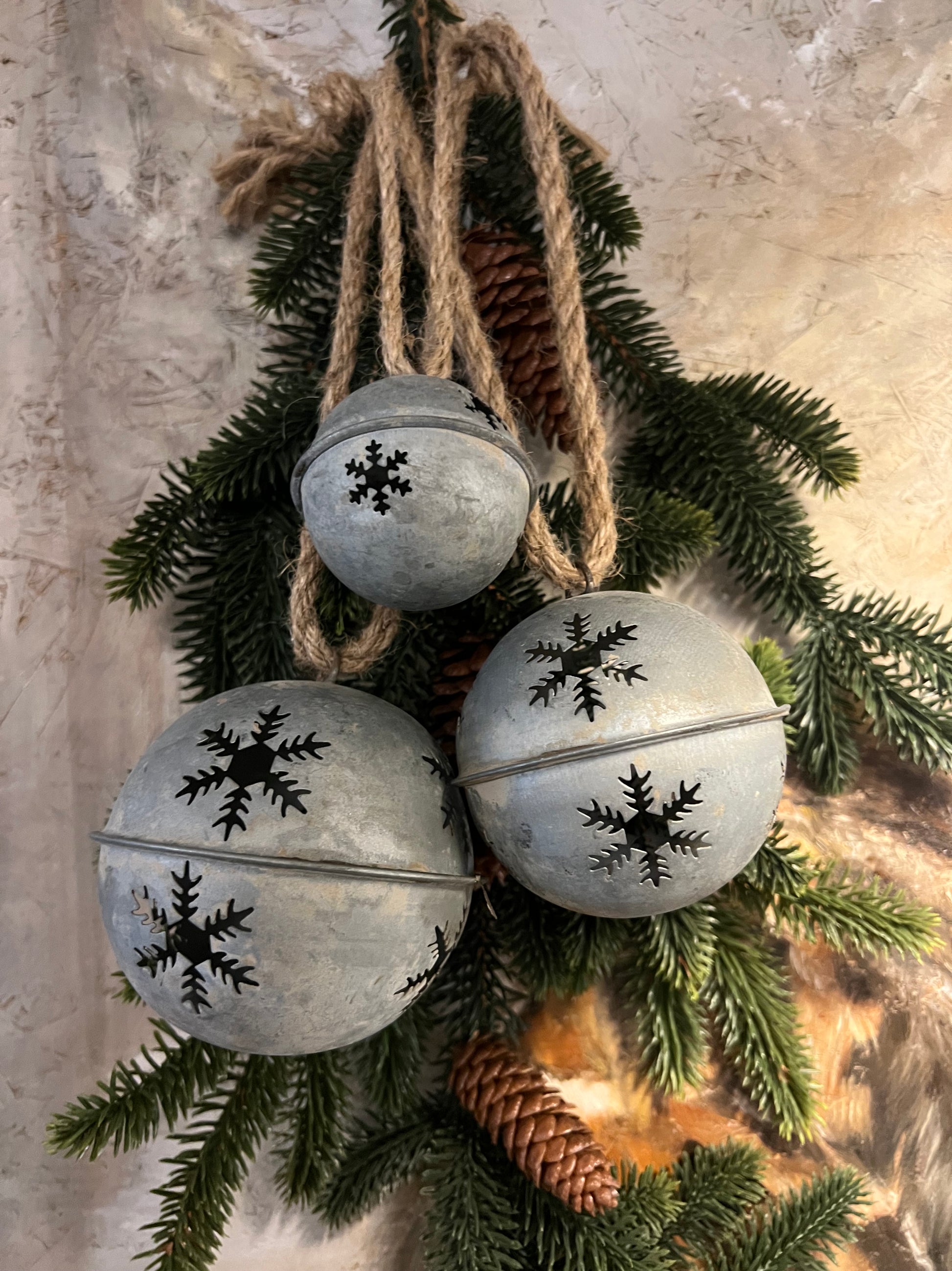 Breng een rustieke kerstsfeer in huis met deze prachtige metalen bellen in drie maten. De grijs-zilveren afwerking en uitgesneden sneeuwvlokken geven een authentieke, landelijke uitstraling. Perfect om op te hangen aan een deur, muur of kerststuk met dennentakken en dennenappels. De stevige jute touwlussen maken het eenvoudig om ze op te hangen. Combineer de verschillende formaten voor een sfeervol, winterse accent in jouw kerstdecoratie.
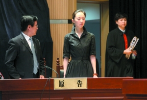 昨日下午,身穿黑色連衣裙的侯耀文之女侯瓚,在兩位律師陪同下,走進西城法院大法庭。侯耀文遺產案中的4個被告,只有郭曉小和牛成志本人到庭,郭曉小的妻子、侯耀華并未出現。
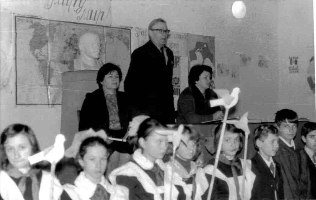 70-ті роки. Збір піонерського загону. Виступає колишній військовополонений Добро вольський Г.С., Вчителі Руссол М.Ю. та Будько З.Я.
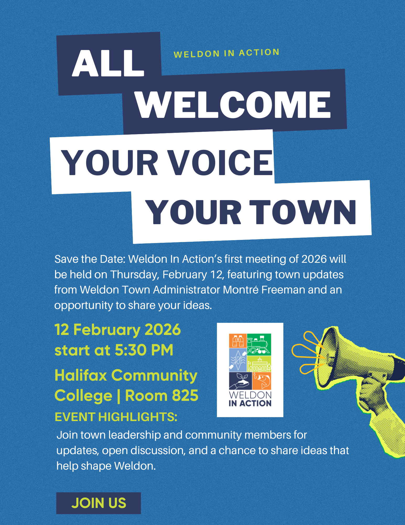 Weldon In Action invites community members to our first meeting of 2026 on Thursday, February 12, for an evening focused on civic engagement, open dialogue, and community connection. The meeting will feature town updates from Weldon Town Administrator Montré Freeman, along with an opportunity for residents to share ideas, ask questions, and engage directly with local leadership.
★ ★ ★ ★
• What you will do
Stop at the line containing "70-ті роки. Збір" and include it. Everything from the first line of the material up to there is to be repeated exactly, leaving out pictures.

• Task output
 Breng een rustieke kerstsfeer in huis met deze prachtige metalen bellen in drie maten. De grijs-zilveren afwerking en uitgesneden sneeuwvlokken geven een authentieke, landelijke uitstraling. Perfect om op te hangen aan een deur, muur of kerststuk met dennentakken en dennenappels. De stevige jute touwlussen maken het eenvoudig om ze op te hangen. Combineer de verschillende formaten voor een sfeervol, winterse accent in jouw kerstdecoratie.
 昨日下午,身穿黑色連衣裙的侯耀文之女侯瓚,在兩位律師陪同下,走進西城法院大法庭。侯耀文遺產案中的4個被告,只有郭曉小和牛成志本人到庭,郭曉小的妻子、侯耀華并未出現。
 70-ті роки. Збір піонерського загону. Виступає колишній військовополонений Добро вольський Г.С., Вчителі Руссол М.Ю. та Будько З.Я.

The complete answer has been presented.